***** Dataset entries *****

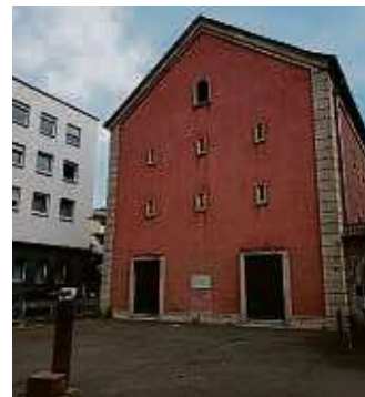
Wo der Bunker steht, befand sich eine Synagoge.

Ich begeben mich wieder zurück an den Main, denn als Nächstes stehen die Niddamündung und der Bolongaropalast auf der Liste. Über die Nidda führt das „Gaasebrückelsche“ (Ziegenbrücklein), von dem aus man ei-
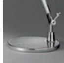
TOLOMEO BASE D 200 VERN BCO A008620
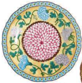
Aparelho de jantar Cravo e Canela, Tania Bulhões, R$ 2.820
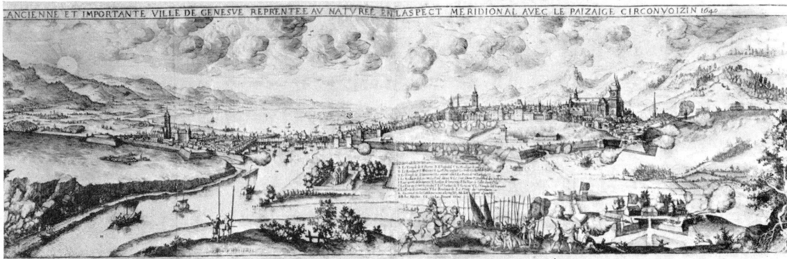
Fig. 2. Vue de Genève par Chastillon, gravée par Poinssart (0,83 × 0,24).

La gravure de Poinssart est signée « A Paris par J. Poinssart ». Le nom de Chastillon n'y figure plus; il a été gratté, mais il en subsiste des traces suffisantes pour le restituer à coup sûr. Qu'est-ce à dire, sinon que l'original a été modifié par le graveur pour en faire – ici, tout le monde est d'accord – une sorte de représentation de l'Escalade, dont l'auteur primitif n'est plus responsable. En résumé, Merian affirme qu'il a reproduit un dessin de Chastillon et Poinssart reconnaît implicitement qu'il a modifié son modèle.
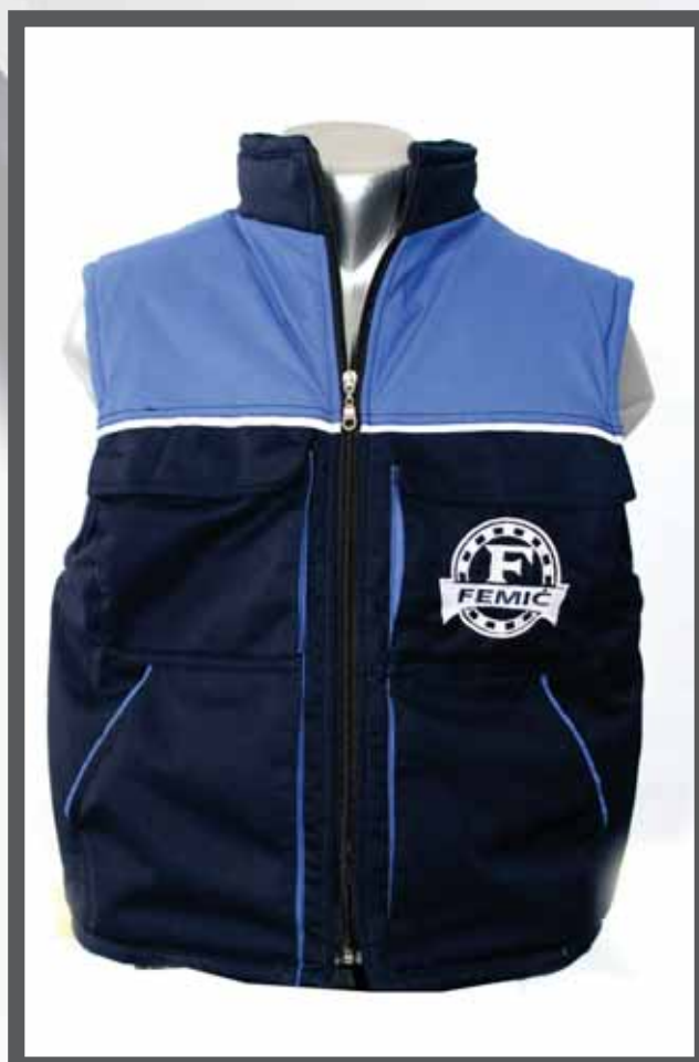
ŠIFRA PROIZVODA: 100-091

*****
***** Dataset entries *****

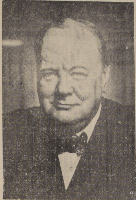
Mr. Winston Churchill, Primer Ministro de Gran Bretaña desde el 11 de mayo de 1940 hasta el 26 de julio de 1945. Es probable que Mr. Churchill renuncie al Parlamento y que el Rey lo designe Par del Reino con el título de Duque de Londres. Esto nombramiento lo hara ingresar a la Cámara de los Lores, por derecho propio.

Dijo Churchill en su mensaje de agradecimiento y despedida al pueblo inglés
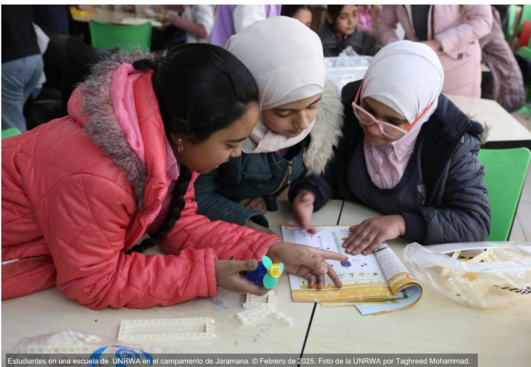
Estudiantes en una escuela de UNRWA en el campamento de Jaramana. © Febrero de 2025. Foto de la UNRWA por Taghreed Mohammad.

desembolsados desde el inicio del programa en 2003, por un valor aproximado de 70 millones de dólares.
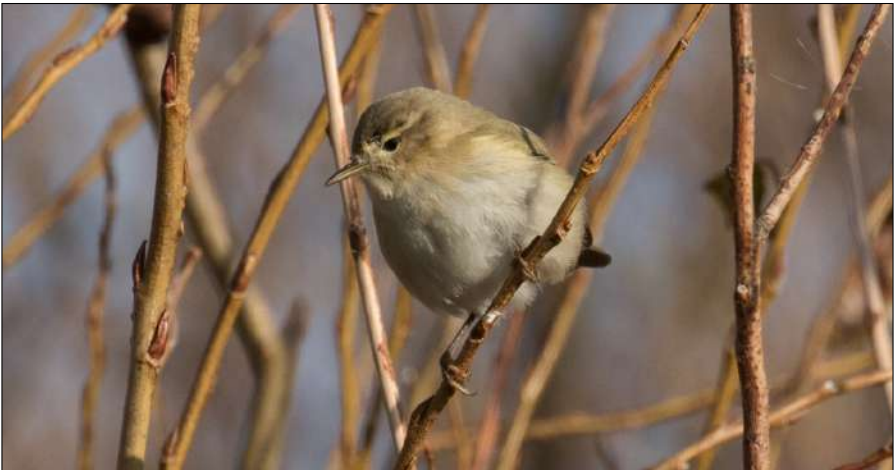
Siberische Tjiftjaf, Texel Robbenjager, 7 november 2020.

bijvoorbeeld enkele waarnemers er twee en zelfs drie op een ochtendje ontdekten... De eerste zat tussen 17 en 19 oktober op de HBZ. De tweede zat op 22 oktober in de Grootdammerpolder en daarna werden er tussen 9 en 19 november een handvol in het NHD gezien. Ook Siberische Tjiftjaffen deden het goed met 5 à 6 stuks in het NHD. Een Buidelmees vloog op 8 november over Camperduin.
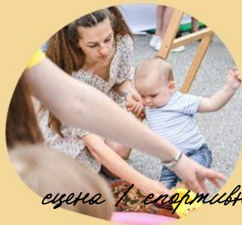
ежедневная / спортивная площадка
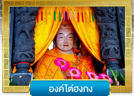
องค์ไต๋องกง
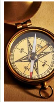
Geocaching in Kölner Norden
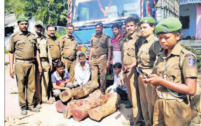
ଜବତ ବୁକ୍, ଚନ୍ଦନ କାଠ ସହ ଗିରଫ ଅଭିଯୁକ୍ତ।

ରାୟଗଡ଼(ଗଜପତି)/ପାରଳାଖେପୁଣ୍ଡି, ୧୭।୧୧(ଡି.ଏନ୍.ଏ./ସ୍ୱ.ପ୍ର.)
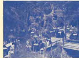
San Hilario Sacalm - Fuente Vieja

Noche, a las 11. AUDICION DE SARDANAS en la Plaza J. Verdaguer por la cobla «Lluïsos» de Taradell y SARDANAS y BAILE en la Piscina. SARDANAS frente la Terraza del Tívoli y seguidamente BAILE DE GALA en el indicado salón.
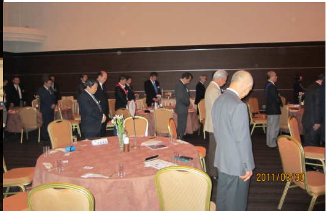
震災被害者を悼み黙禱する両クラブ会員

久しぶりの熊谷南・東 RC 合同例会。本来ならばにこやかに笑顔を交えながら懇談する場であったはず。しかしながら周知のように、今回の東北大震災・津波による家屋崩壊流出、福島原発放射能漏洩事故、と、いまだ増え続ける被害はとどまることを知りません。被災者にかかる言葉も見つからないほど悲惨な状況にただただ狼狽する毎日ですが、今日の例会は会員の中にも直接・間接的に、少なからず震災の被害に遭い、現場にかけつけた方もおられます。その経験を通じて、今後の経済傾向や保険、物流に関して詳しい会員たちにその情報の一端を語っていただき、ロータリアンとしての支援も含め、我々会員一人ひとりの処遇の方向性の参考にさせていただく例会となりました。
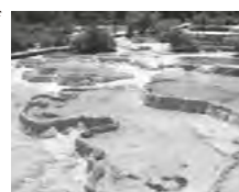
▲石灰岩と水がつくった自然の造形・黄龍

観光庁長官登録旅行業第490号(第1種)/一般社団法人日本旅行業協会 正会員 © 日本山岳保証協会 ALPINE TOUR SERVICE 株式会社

*****

▶ [Exercise]:
Although the records above contain pictures, the copy must not; set down exactly the lines from the one with "Dijo Churchill en" up to and including the one with "Geocaching in Kölner Norden".

▶ [Finished exercise]:
Dijo Churchill en su mensaje de agradecimiento y despedida al pueblo inglés
Estudiantes en una escuela de UNRWA en el campamento de Jaramana. © Febrero de 2025. Foto de la UNRWA por Taghreed Mohammad.

desembolsados desde el inicio del programa en 2003, por un valor aproximado de 70 millones de dólares.
Siberische Tjiftjaf, Texel Robbenjager, 7 november 2020.

bijvoorbeeld enkele waarnemers er twee en zelfs drie op een ochtendje ontdekten... De eerste zat tussen 17 en 19 oktober op de HBZ. De tweede zat op 22 oktober in de Grootdammerpolder en daarna werden er tussen 9 en 19 november een handvol in het NHD gezien. Ook Siberische Tjiftjaffen deden het goed met 5 à 6 stuks in het NHD. Een Buidelmees vloog op 8 november over Camperduin.
ежедневная / спортивная площадка
องค์ไต๋องกง
Geocaching in Kölner Norden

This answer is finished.